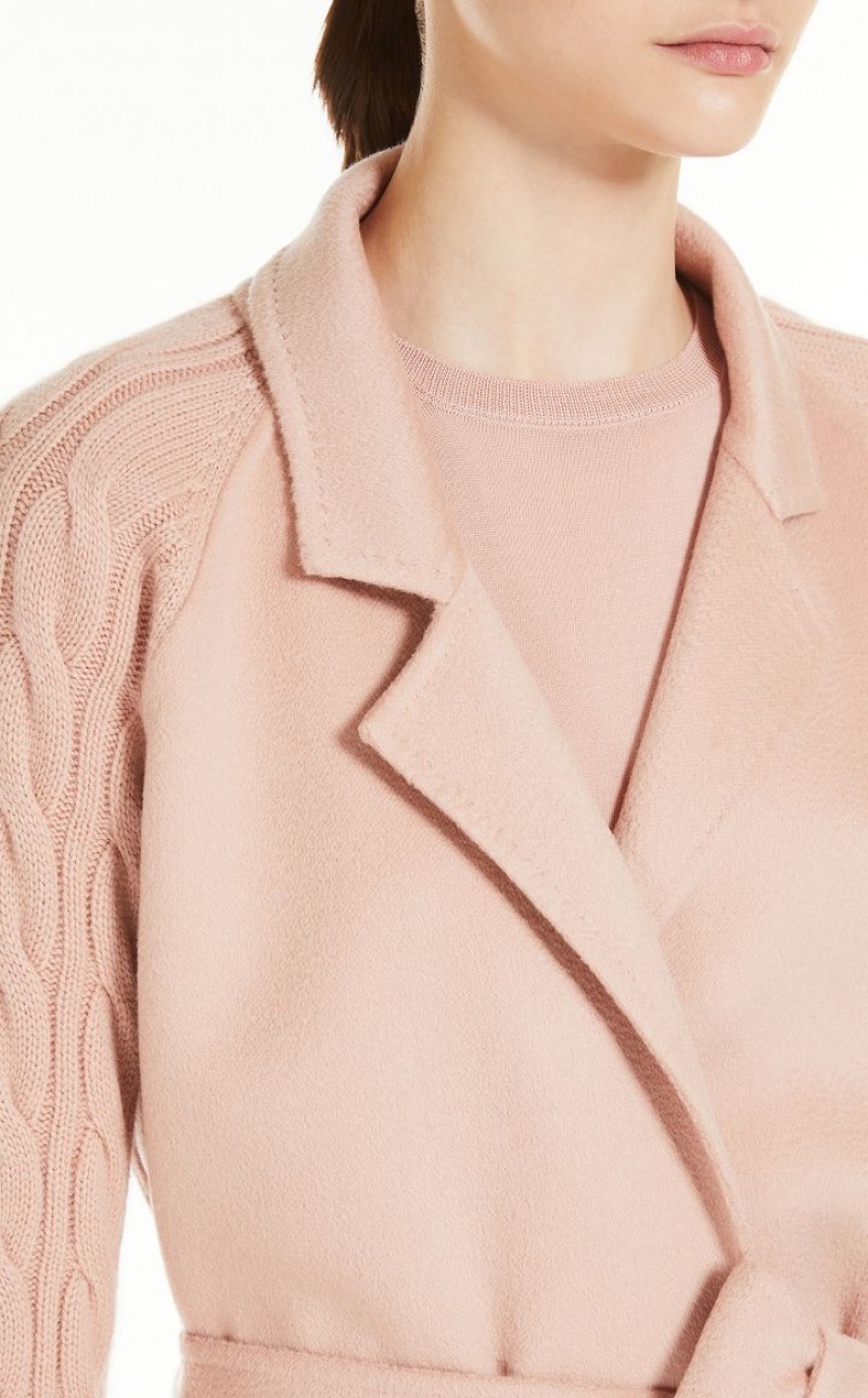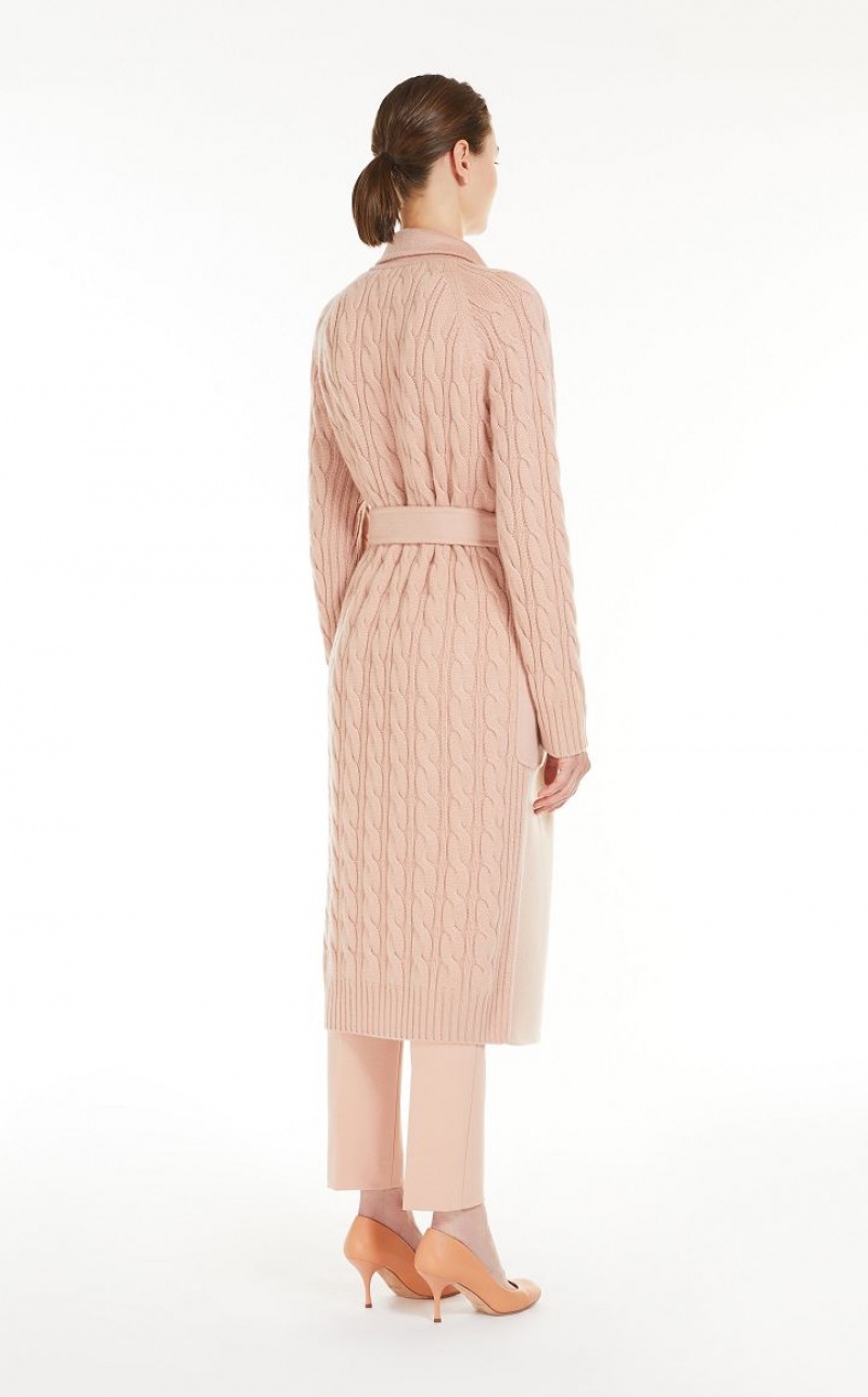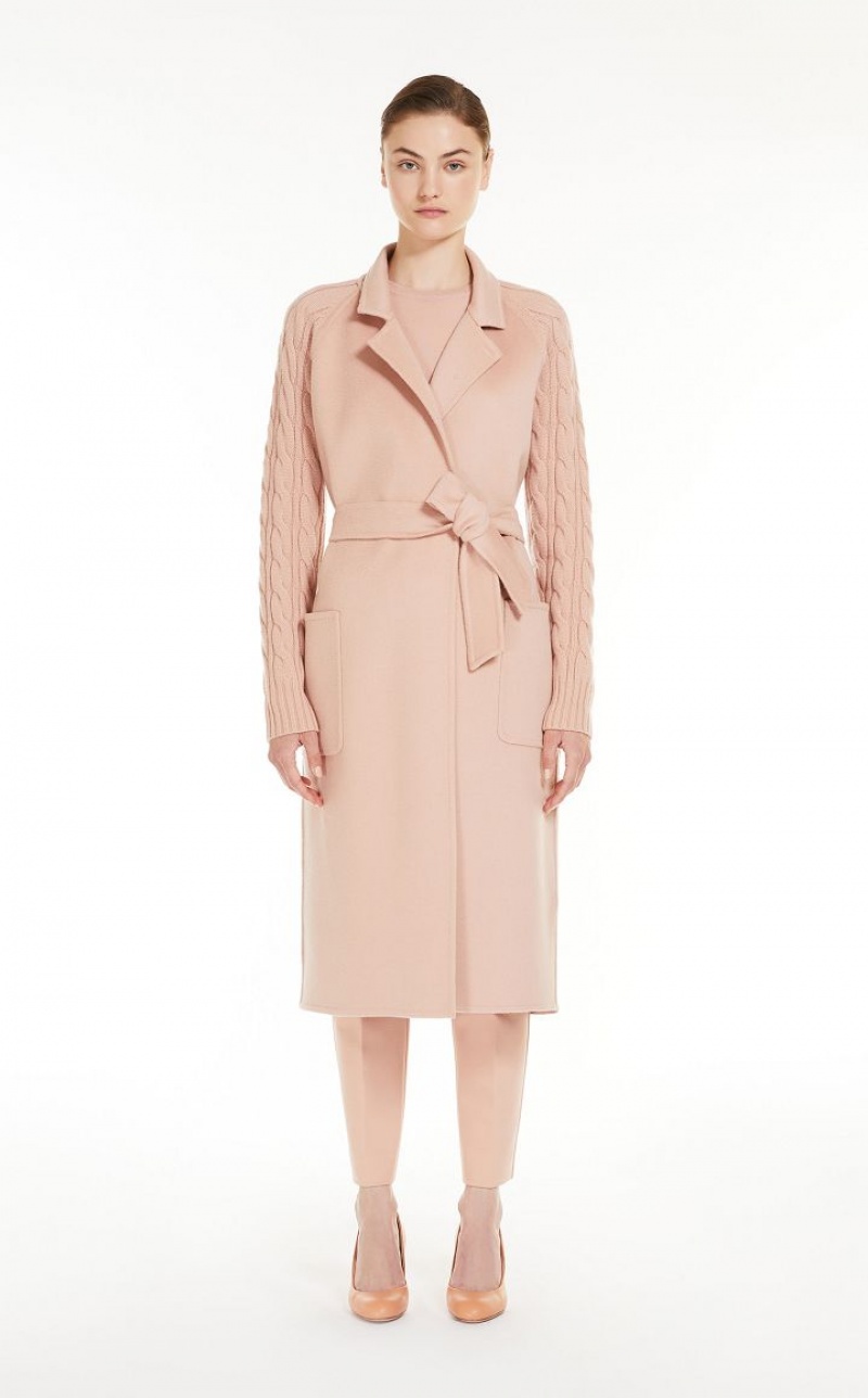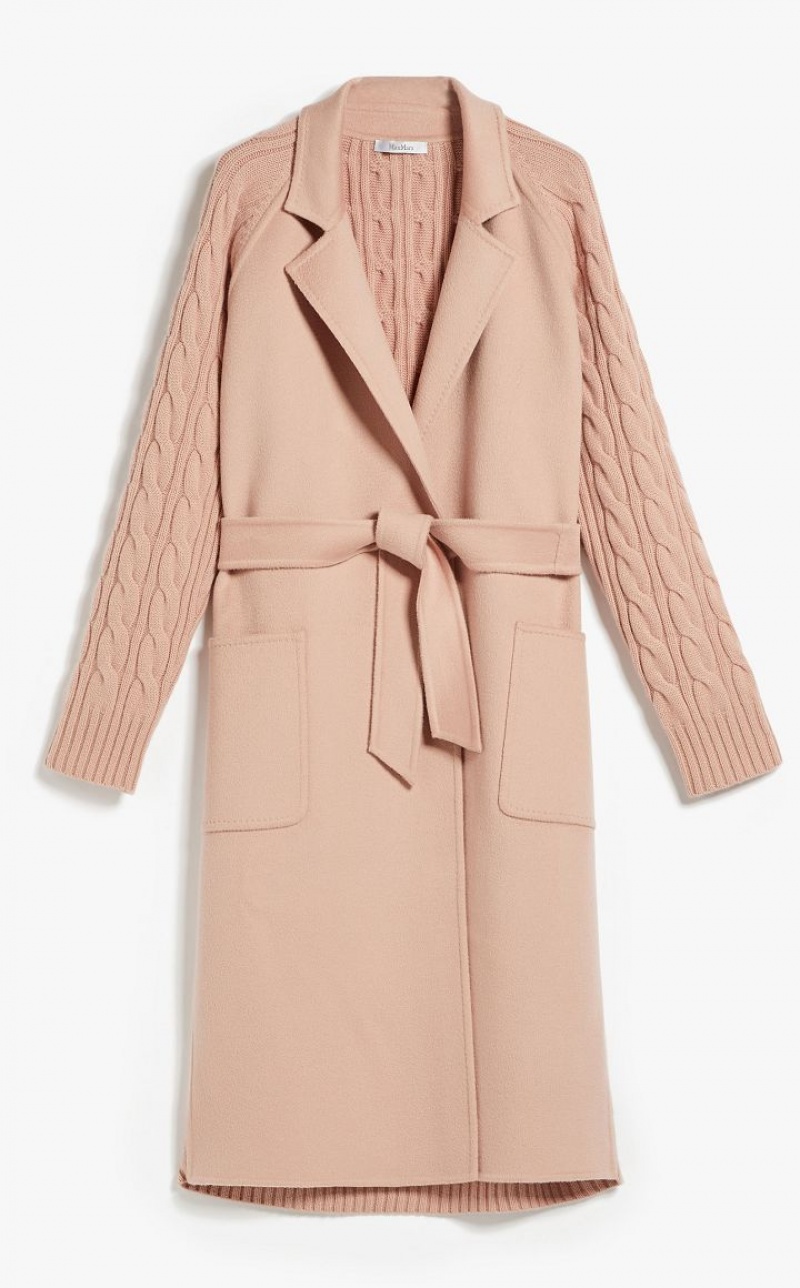Long robe-style coat crafted in fine wool and cashmere shuttle-weave fabric, featuring ribbed-knit raglan sleeves and cable-knit details on the back. Unlined model with lapel collar, patch pockets on the front and wraparound fastening with matching belt. Finished with tailored binding. Length: 115 cm.
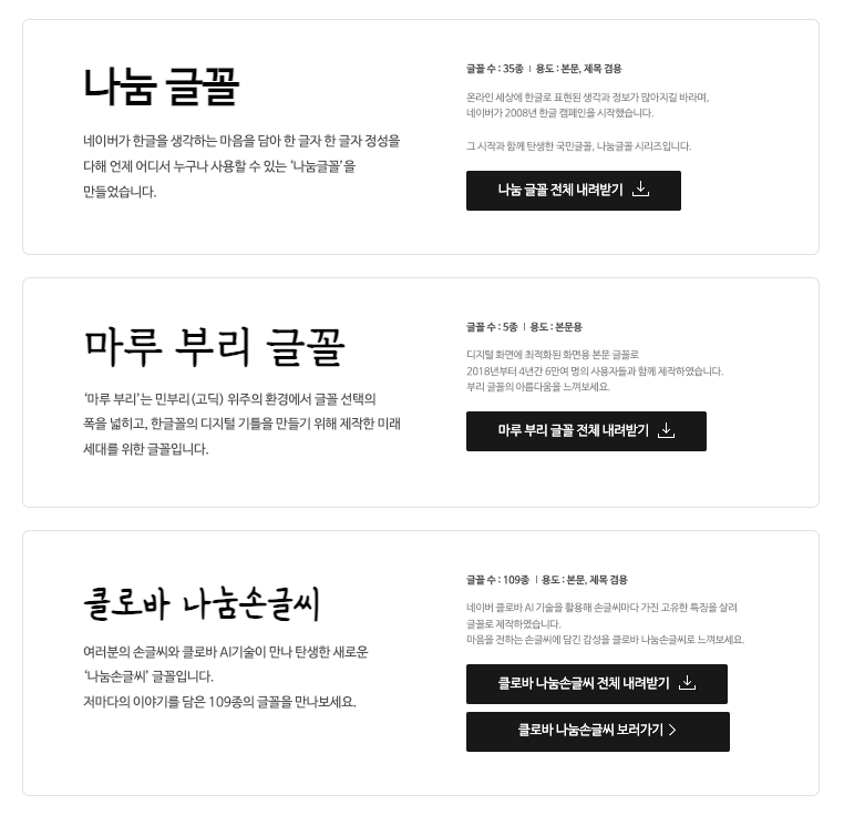 네이버가 만든 150여종의 글꼴을 한번에 만나보세요
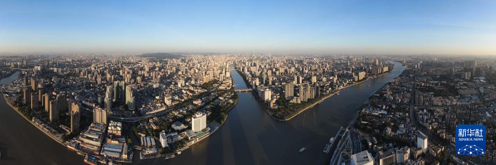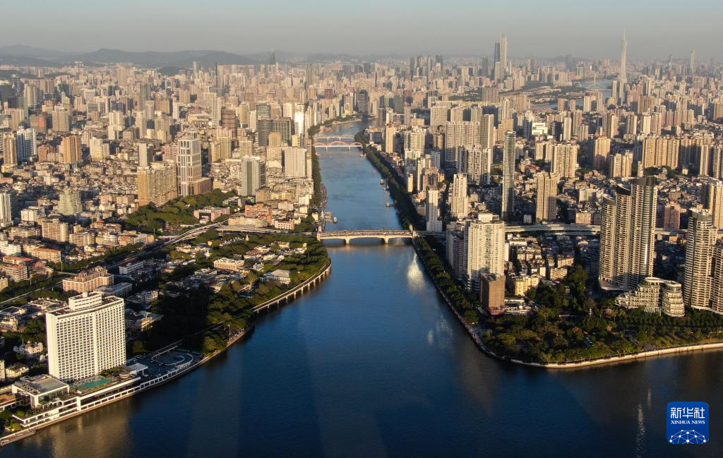 廣州市區(qū)沐浴在夕陽余暉之中(2024年11月29日攝,無人機照片)。
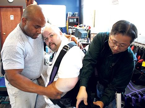 Tham, a chiropractic doctor, was working alongside the firm’s fitness director, certified personal trainer Tyronne Larson, to lay out a matrix of harnesses that would crisscross Jeffrey’s torso and prepare him to be lifted into a standing position for his therapy session.
......
#### Work request
Write out the full listing verbatim, excluding its pictures.

#### Task answer
Long robe-style coat crafted in fine wool and cashmere shuttle-weave fabric, featuring ribbed-knit raglan sleeves and cable-knit details on the back. Unlined model with lapel collar, patch pockets on the front and wraparound fastening with matching belt. Finished with tailored binding. Length: 115 cm.
 네이버가 만든 150여종의 글꼴을 한번에 만나보세요
 廣州市區(qū)沐浴在夕陽余暉之中(2024年11月29日攝,無人機照片)。
 Tham, a chiropractic doctor, was working alongside the firm’s fitness director, certified personal trainer Tyronne Larson, to lay out a matrix of harnesses that would crisscross Jeffrey’s torso and prepare him to be lifted into a standing position for his therapy session.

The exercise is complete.